Originally published in CN July 17, 1989. Note the stress on the confession the funeral makes as a public statement and Christian privilege—it is not just an evangelistic tool/party favor. Too many pastors are eager to please the grieving, but not with the truth of Christ. Can not doing a funeral make a greater confession than the most beautiful sermon? Yes, if the sermon and service serves the purpose of making the unbeliever comfortable with sin and minimizes the seriousness of the punishment of death and Christ’s salvation over it. –ed.
Rev. Roger Kovaciny
Being rationally lazy, I don’t go out of the church to make calls if I can get somebody to come into it.
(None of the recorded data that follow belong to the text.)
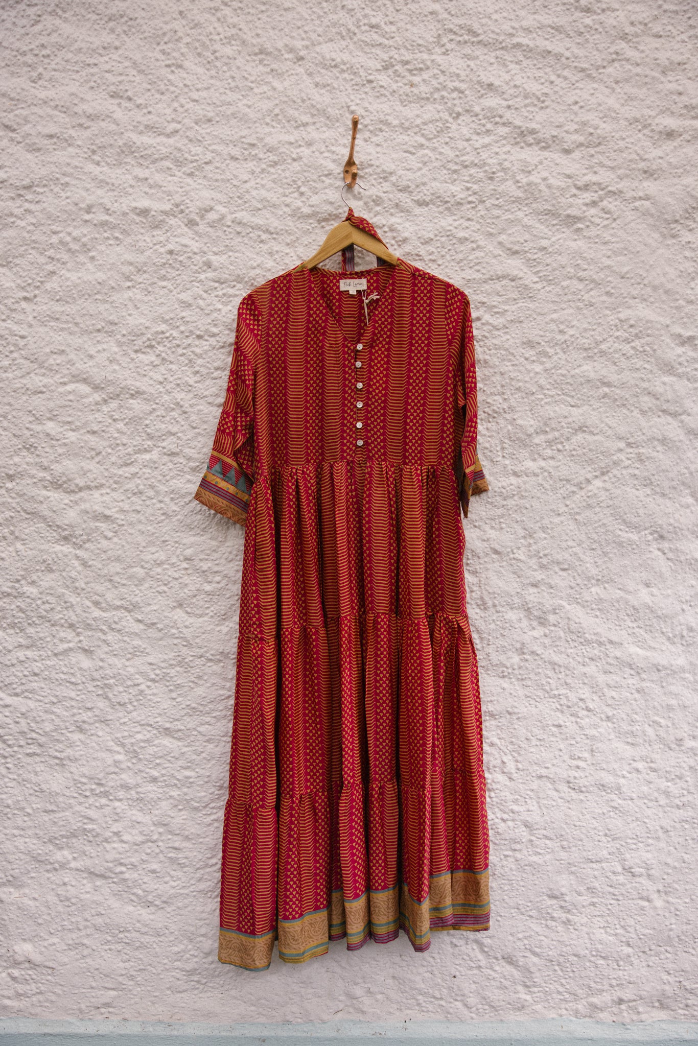 Prairie dress is made from a beautiful up-cycled vintage sari, she is super versatile with year round appeal, she is a beautiful full length prairie style dress with a V neck line with a buttoned front and a tiered skirt. Their is buttons for front opening, she has a full skirt with three tiers and 3/4 length sleeves and two deep internal side pockets.
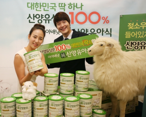28일 오전 서울 롯데마트 서울역점에서 아이배냇 산양분유의 롯데마트 입점을 축하하며 남녀모델들이 엉덩이에 얼룩무늬가 그려진 흰 산양 모형 앞에서 대한민국 딱 하나 산양유 100% 아이배냇 산양분유를 손에 들고 포즈를 취하고 있다.
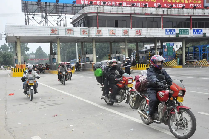 2010年2月3日,返乡过年的广西农民工骑摩托车进入广东封开县长岗收费站。封开县是321国道从广东进入广西的第一站,是广西籍农民工驾摩托车返乡的必经之路。据初步估计,2010年年春运期间,通过该县返乡和返回珠三角的摩托车超过13万辆。(新华社发/韦石明摄)
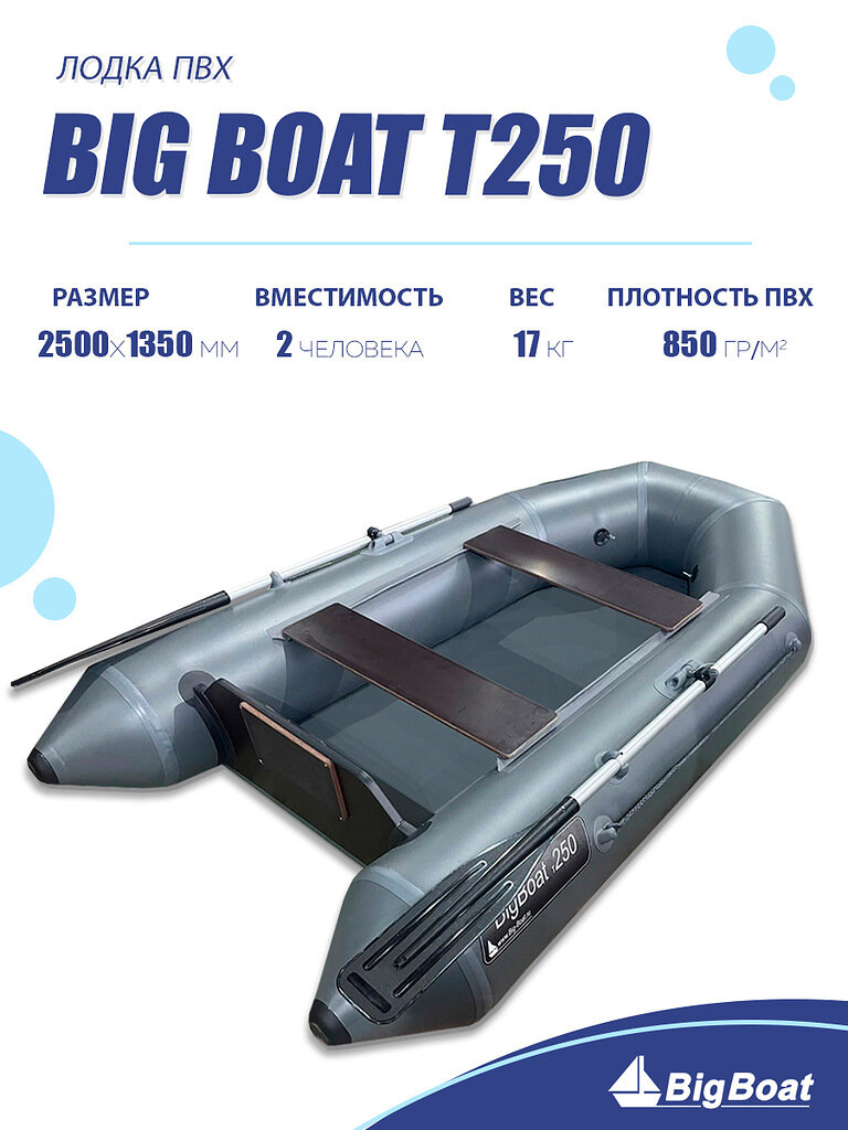 Купить Надувная лодка для рыбалки плоскодонная ПВХ под мотор Big Boat Т250

So whenever a tradesman comes around, he’s likely to hear the Gospel.
Normally you try to put your best foot forward, so I wasn’t real happy when a repairman picked up a Catechism quiz to test the photocopier with, and the first question his eye fell on was, “Should our church conduct funerals for unbelievers?”
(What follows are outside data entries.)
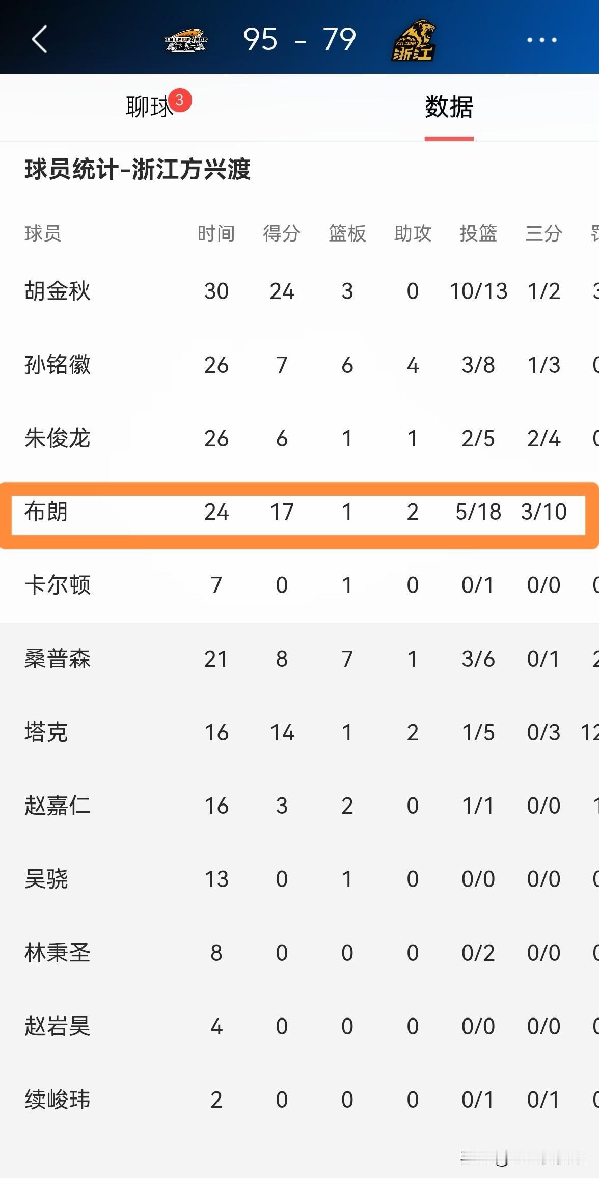 浙江方兴渡超级外援布朗一定要背锅了!今天浙江方兴渡在客场以79:95惨败于辽宁本钢,此役布朗的表现简直是糟糕透顶,他是球队输球的罪魁祸首。 全场比赛下来,布朗首发出战24分钟,投篮18中5,其中三分球10中3、罚球4中4非常低效的得到17分,还有3次失误,他的场上正负值为全队最低的-16。 作为球队的绝对核心,本场比赛布朗的表现完全是不及格的,他的进攻效率非常的低。
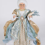 The quality is unmatched with this decorative piece’s hand-painted face, inset eyes, unique fabric, and detailed accessories. With this item's nautical design, shiny ribbons, and elegant touch, she's sure to add character and style to any seaside home.
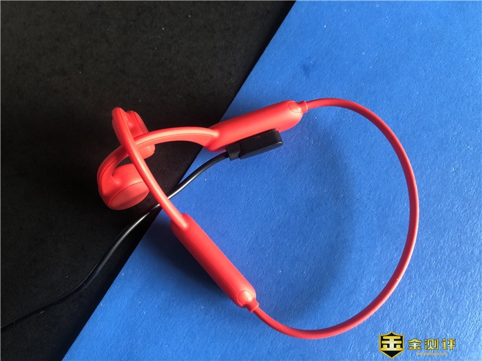 我拿到的这款为红色款,同时这款产品还设置了黑色版本可供选择,NANK南卡骨传导Runner Pro骨传导运动蓝牙耳机基于人体工程学设计,采用挂耳外放设计。左边耳机发声部件后部有这款耳机产品的品牌标示' NANK',后部应该是内置电池仓,包括后部的骨架都采用全硅胶包裹全封闭式设计,使用中也无需担心运动出汗导致的液体侵蚀,非常nice。手感极好,这也是佩戴舒适的保证,整体设计非常低调时尚。
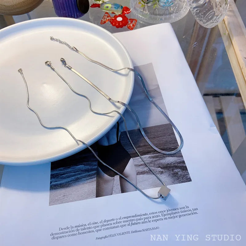 Silver Double Layer Square Pendant Snake Chain Necklace
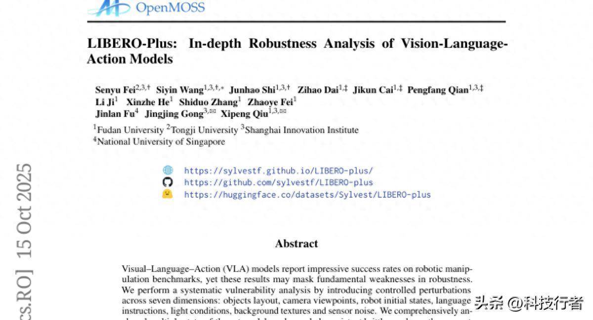 复旦大学的费森宇、王想言、施俊豪等磋议团队,集左券济大学、上海更动磋议院以及新加坡国立大学的磋议东说念主员,在2025年10月发表了一项颠覆性磋议,论文编号为arXiv:2510.13626v1。这项磋议就像是给咫尺火热的"视觉-言语-举止"(VLA)AI机器东说念主作念了一次全面体检,罢了却令东说念主大跌眼镜——那些在测试中阐明优异的AI机器东说念主,施行上就像是应试讲授培养出来的"高分痴呆"学生,只会背法度谜底,一朝碰到稍有变化的情况就安坐待毙。
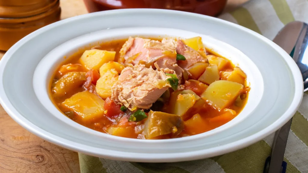 Ingredientes principales: Bonito del norte, patatas, cebolla, pimiento verde, tomate, ajo y pimiento choricero.

“What’s the answer to No. 12?” he asked.
“Uh, the answer is no,” I gulped, thinking fast.
“Why not?” he demanded.
“We don’t lasso them and drag them in against their will while they’re alive, and we have too much respect for a person’s freedom before God to bring him where he doesn’t want to go when he’s helpless,” I said.
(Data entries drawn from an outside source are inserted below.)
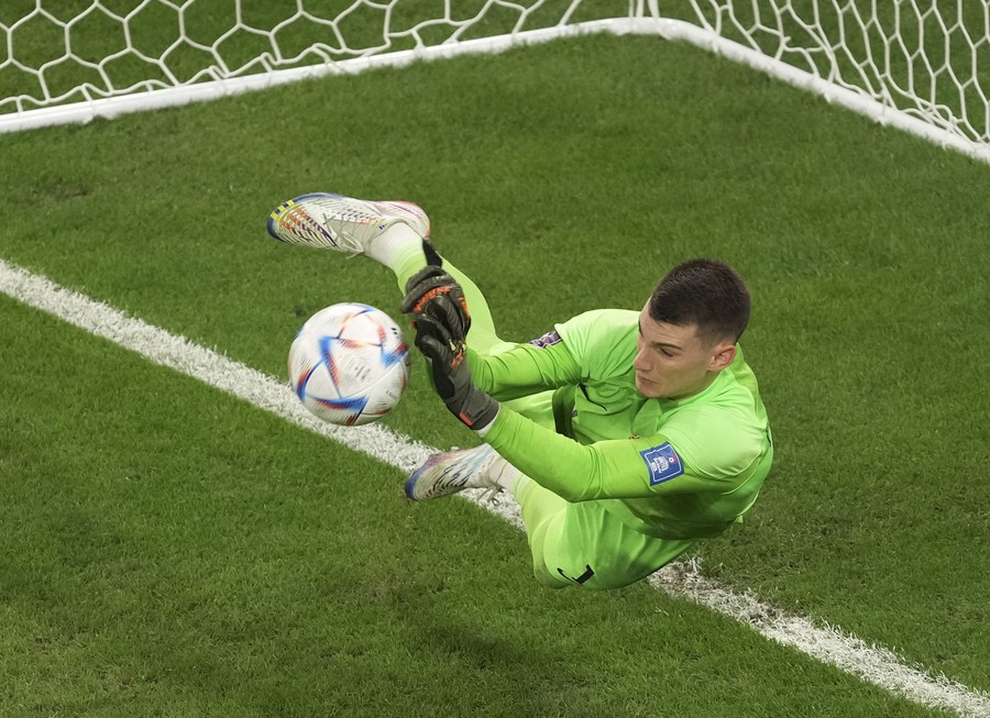 Dominik Livakovic, goalkeeper of Croatia, makes a save during the penalty shoot-out of the Quarterfinal match between Croatia and Brazil of the 2022 FIFA World Cup at Education City Stadium in Al Rayyan, Qatar, Dec. 9, 2022. (Xinhua/Meng Yongmin)
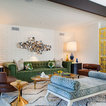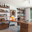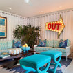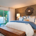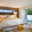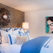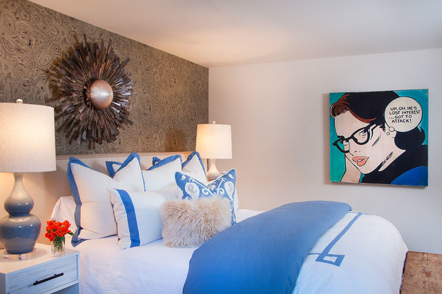 A splash of cornflower blue in a modern bedroom with a touch of whimsical
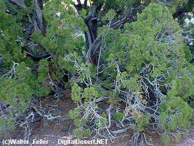 California JuniperIn the Mojave Desert, juniper trees (juniperus californica), are generally found at elevations above 4,000 feet, on the bases and slopes of the mountains. This one has taken hold in the rocky soil around Barker Dam. Soil depth and amount of moisture determine the size and success.Female trees bear silver-blue berries, modified cones which ripen in late summer. The bitter-tasting berries were eaten, either raw or roasted, by traveling Native Americans. Coyotes and small animals appear to enjoy the berries for their moisture. < Previous - Next > ![]() California juniper (juniperus californica) |
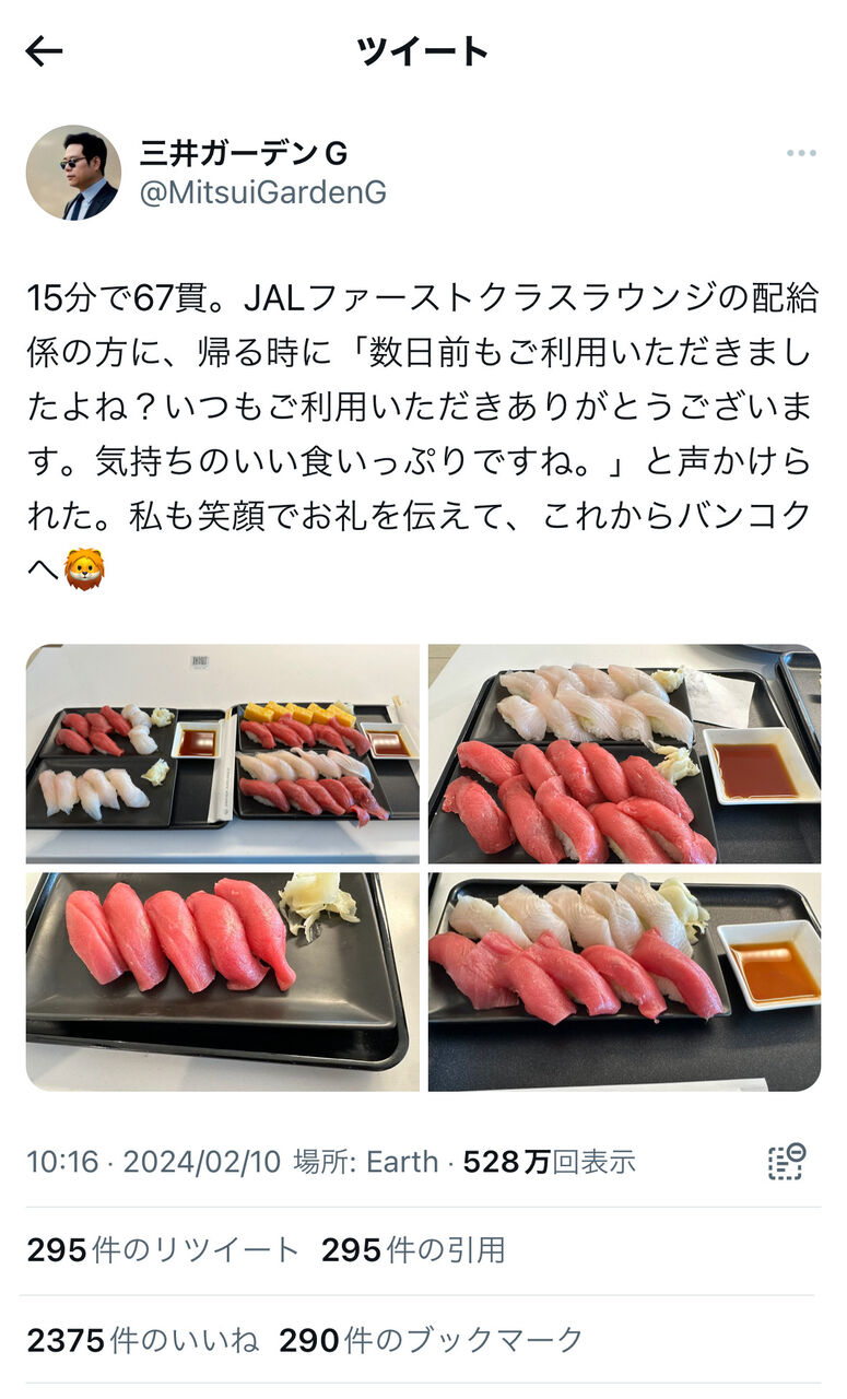 15分で67貫。JALファーストクラスラウンジの配給係の方に、帰る時に「数日前もご利用いただきましたよね?いつもご利用いただきありがとうございます。気持ちのいい食いっぷりですね。」と声かけられた。私も笑顔でお礼を伝えて、これからバンコクへ🦁 pic.twitter.com/QOLsKIWfwJ
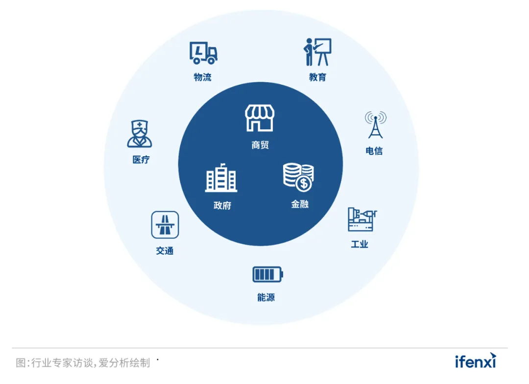 根据爱分析对行业头部企业调研,2021年SD-WAN市场四类目标客群的营收分布中,商贸企业与政府机构占比分别约为36.92%和28.16%,金融机构紧接其后,约为19.92%,其他行业企业约为15%。

“But how about the widow?” he asked.
Yes. How about the widow?
Think fast, Pastor K. Don’t try to defend your church, don’t sound self-righteous, and don’t sound judgmental. If you want to win this soul, you have to have an answer that makes
you sound like Jesus.
“During the middle ages, people who wanted to go to heaven instead of Purgatory would take monastic vows after they’d gotten the Last Rites and were certain they would die. That way they could be buried in the garb of a monk or a nun and hoped they would fool God. Do you think that got them to
“Course not,” he said.
“Americans have an idea that is even more foolish,” I went on. “Most Americans think that the way to go to heaven is to die. Do you believe that?” With a little prodding, he allowed
as how he didn’t.
“Now let’s get back to your question,” I said. “How about the widow? All her life, perhaps, she has heard that there’s only one way to heaven. It’s the fact that Jesus Christ went to the Cross as her substitute, died in her place, and paid for all her sins. That’s what she’s heard every Sunday. That’s what she’s believed all her life, and it’s good that she’s believed it, because it’s true.
“Now, do you want to take that away from her just because it’s her husband’s funeral, letting her think that maybe there’s a second way of salvation (when there isn’t) — making her doubt everything else I tell her — and making her maybe look for that nonexistent second way of salvation, and end up in hell herself, just to make her feel a little better at the funeral?”
He said he could see our point.
“There are hundreds of preachers in this town who’ll give her that kind of message if she wants to hear it. But I’m not going to be one of them. It’s bad enough she’s lost her husband. I’m not going to make her lose her faith and her salvation.”